Each case begins with a pair of integers m followed by n on a single line, where 1 ≤ m, n ≤ 50 in decimal notation. The next m lines contain n letters each, representing the grid of letters where the words must be found. The letters in the grid may be in upper- or lowercase. Following the grid of letters, another integer k appears on a line by itself (1 ≤ k ≤ 20). The next k lines of input contain the list of words to search for, one word per line. These words may contain upper- and lowercase letters only – no spaces, hyphens, or other non-alphabetic characters.
Output
For each word in each test case, output a pair of integers representing its location in the corresponding grid. The integers must be separated by a single space. The first integer is the line in the grid where the first letter of the given word can be found (1 represents the topmost line in the grid, and m represents the bottommost line).

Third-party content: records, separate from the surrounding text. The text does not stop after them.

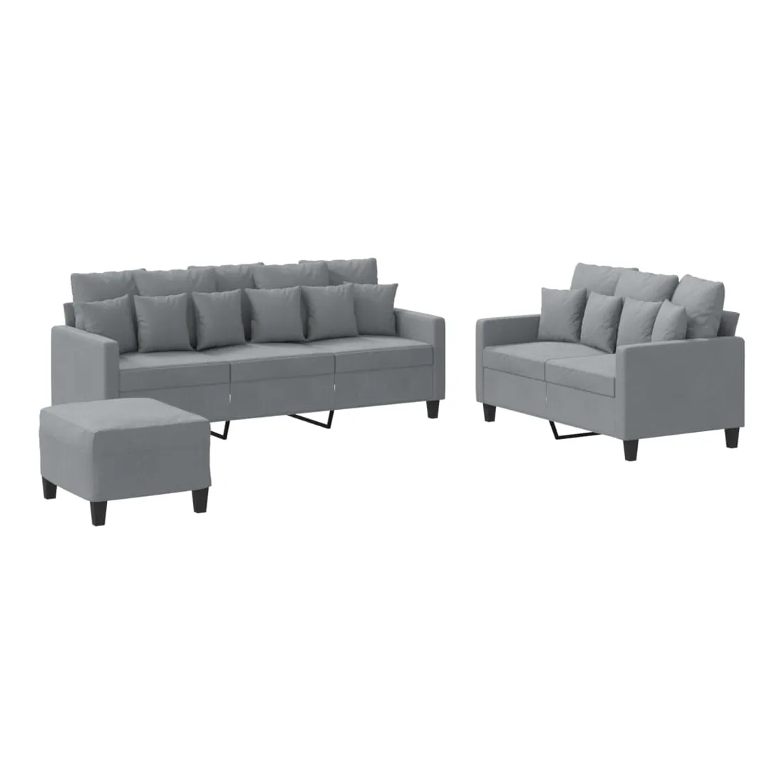 Cet ensemble de canapés est un excellent endroit pour discuter, lire, regarder la télévision ou simplement vous détendre. Il est destiné à être un point central de votre maison. Tissu durable : le tissu présente un aspect simple et épuré tout en restant respirant et durable.Structure robuste et stable : la structure en contreplaqué et en métal du canapé assure robustesse et stabilité. Expérience d'assise confortable : le canapé est très confortable avec le siège, les accoudoirs et les oreillers de dossier bien rembourrés. Pouf polyvalent : ce repose-pied convient pour reposer vos pieds lorsque vous êtes allongé dans un canapé ou pour vous offrir un siège supplémentaire dans votre pièce. De plus, le design simple et la taille compacte le rendent idéal pour presque tous vos espaces de vie.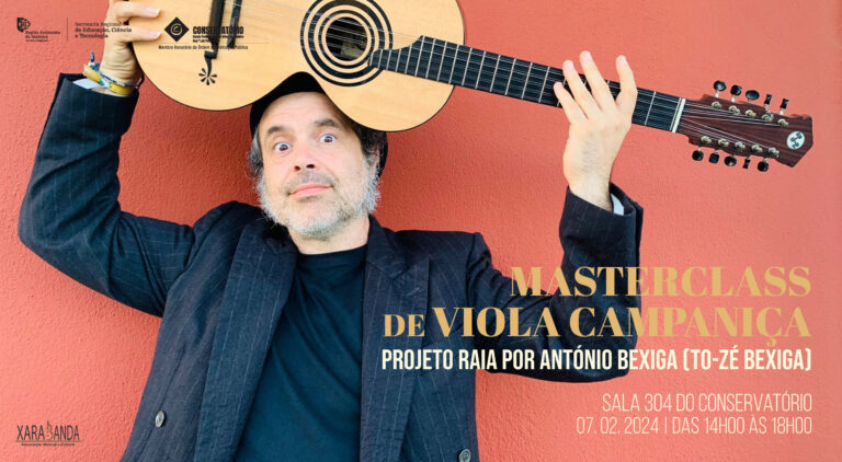 No dia 7 de fevereiro decorrerá também, na sede do Conservatório, uma masterclass de viola campaniça, protagonizada pelo profissional da área dos cordofones portugueses António Bexiga (To-Zé Bexiga), entre as 14h00 e as 18h00. O artista estará na região entre os dias 2 e 6 para apresentar o seu projeto ‘Raia’ e integrar o Projeto aCorde 2024, numa parceria com a Associação Musical e Cultural Xarabanda.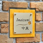 姫路城の瓦と同じ素材、窯元で焼いたオリジナルの平板をベースに シンプルに漢字で仕上げました。 東京に送ります。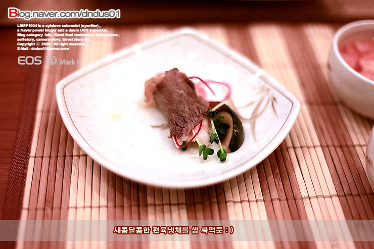 이렇게 편육에 해살물과 냉채를 섞어서 쌈을 싸듯 먹어보자~

The second integer is the column in the grid where the first letter of the given word can be found (1 represents the leftmost column in the grid, and n represents the rightmost column in the grid). If a word can be found more than once in the grid, then output the location of the uppermost occurrence of the word (i.e., the occurrence which places the first letter of the word closest to the top of the grid). If two or more words are uppermost, output the leftmost of these occurrences. All words can be found at least once in the grid.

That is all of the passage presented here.